I need to do LDAP Authentication for an application.

I tried the following program:

import java.util.Hashtable;  

import javax.naming.Context;  
import javax.naming.NamingException;  
import javax.naming.ldap.InitialLdapContext;  
import javax.naming.ldap.LdapContext;  


public class LdapContextCreation {  
    public static void main(String[] args) {  
        LdapContextCreation ldapContxCrtn = new LdapContextCreation();  
        LdapContext ctx = ldapContxCrtn.getLdapContext();  
    }  
    public LdapContext getLdapContext(){  
        LdapContext ctx = null;  
        try{  
            Hashtable env = new Hashtable();  
            env.put(Context.INITIAL_CONTEXT_FACTORY,  "com.sun.jndi.ldap.LdapCtxFactory");  
            env.put(Context.SECURITY_AUTHENTICATION, "Simple");  
            //it can be <domain\\userid> something that you use for windows login  
            //it can also be  
            env.put(Context.SECURITY_PRINCIPAL, "[email protected]");  
            env.put(Context.SECURITY_CREDENTIALS, "password");  
            //in following property we specify ldap protocol and connection url.  
            //generally the port is 389  
            env.put(Context.PROVIDER_URL, "ldap://server.domain.com");  
            ctx = new InitialLdapContext(env, null);  
            System.out.println("Connection Successful.");  
        }catch(NamingException nex){  
            System.out.println("LDAP Connection: FAILED");  
            nex.printStackTrace();  
        }  
        return ctx;  
    }  

}

Getting following exception:

LDAP Connection: FAILED
javax.naming.AuthenticationException: [LDAP: error code 49 - Invalid Credentials]
    at com.sun.jndi.ldap.LdapCtx.mapErrorCode(LdapCtx.java:3053)
    at com.sun.jndi.ldap.LdapCtx.processReturnCode(LdapCtx.java:2999)
    at com.sun.jndi.ldap.LdapCtx.processReturnCode(LdapCtx.java:2801)
    at com.sun.jndi.ldap.LdapCtx.connect(LdapCtx.java:2715)
    at com.sun.jndi.ldap.LdapCtx.(LdapCtx.java:305)
    at com.sun.jndi.ldap.LdapCtxFactory.getUsingURL(LdapCtxFactory.java:187)
    at com.sun.jndi.ldap.LdapCtxFactory.getUsingURLs(LdapCtxFactory.java:205)
    at com.sun.jndi.ldap.LdapCtxFactory.getLdapCtxInstance(LdapCtxFactory.java:148)
    at com.sun.jndi.ldap.LdapCtxFactory.getInitialContext(LdapCtxFactory.java:78)
    at javax.naming.spi.NamingManager.getInitialContext(NamingManager.java:235)
    at javax.naming.InitialContext.initializeDefaultInitCtx(InitialContext.java:318)
    at javax.naming.InitialContext.getDefaultInitCtx(InitialContext.java:348)
    at javax.naming.InitialContext.internalInit(InitialContext.java:286)
    at javax.naming.InitialContext.init(InitialContext.java:308)
    at javax.naming.ldap.InitialLdapContext.(InitialLdapContext.java:99)
    at LdapContextCreation.getLdapContext(LdapContextCreation.java:27)
    at LdapContextCreation.main(LdapContextCreation.java:12)

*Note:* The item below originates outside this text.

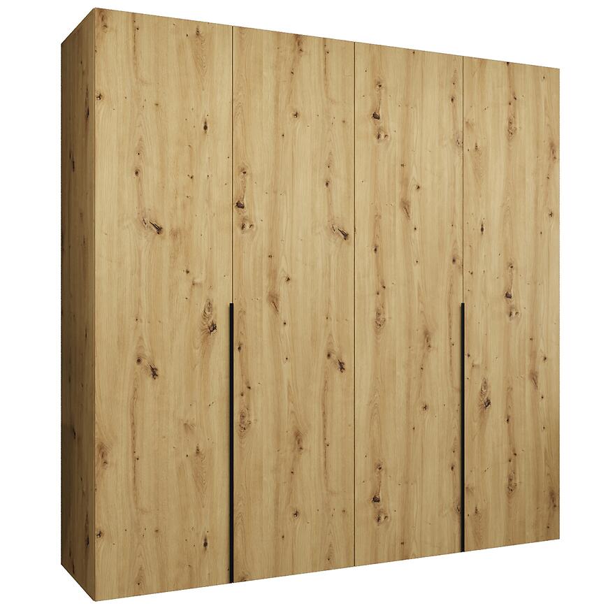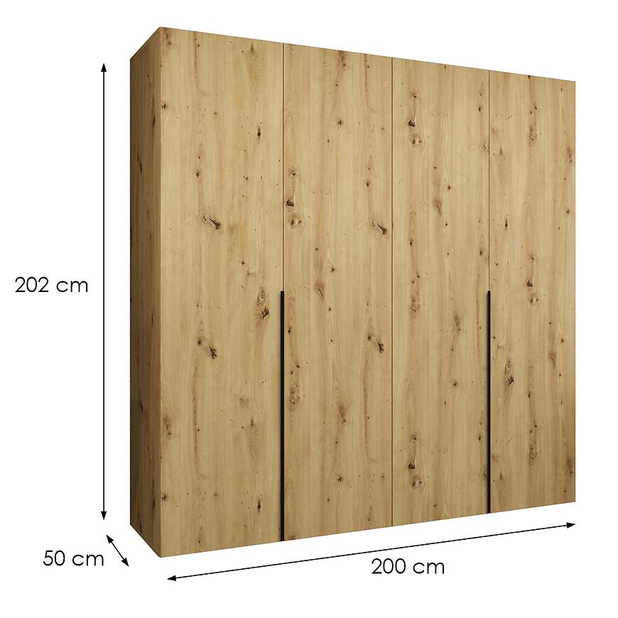 Szafa Alicante I 200 artisan/czarny to propozycja dla osób poszukujących pojemnej i estetycznej szafy do nowoczesnych wnętrz. Szerokość 200 cm, wysokość 202 cm oraz głębokość 50 cm sprawiają, że mebel doskonale sprawdzi się zarówno w sypialni, jak i w garderobie czy przestronnym przedpokoju. Prosta bryła i matowe wykończenie podkreślają nowoczesny styl, dzięki czemu szafa Alicante I 200 harmonijnie wpisuje się w aktualne trendy aranżacyjne. To szafa 4-drzwiowa z klasycznymi drzwiami, zaprojektowana z myślą o wygodnym przechowywaniu odzieży i dodatków, bez zbędnych elementów wizualnych, takich jak lustro.

Few more points to consider:

  1. Earlier I was using tomcat 5.3.5 but somebody told me that only tomcat 6 supports it so I downloaded tomcat 6.0.35 and currently using this version only.

  2. Configured server.xml and added the following code -

    <Realm className="org.apache.catalina.realm.JNDIRealm" 
                   debug="99" 
                   connectionURL="ldap://server.domain.com:389/"  
                   userPattern="{0}" />

  3. Commented the following code from server.xml -

    <!-- Commenting for LDAP
  <Realm className="org.apache.catalina.realm.UserDatabaseRealm"
     resourceName="UserDatabase"/> -->

  4. Steps 2 and 3 from article

  5. Someone suggested that there are some jar files that are supposed to be copied to tomcat in order to run ldap authentication, is that something I need to do? And which jar files?

  6. Also, I am using the correct credentials for sure, then what is causing this issue?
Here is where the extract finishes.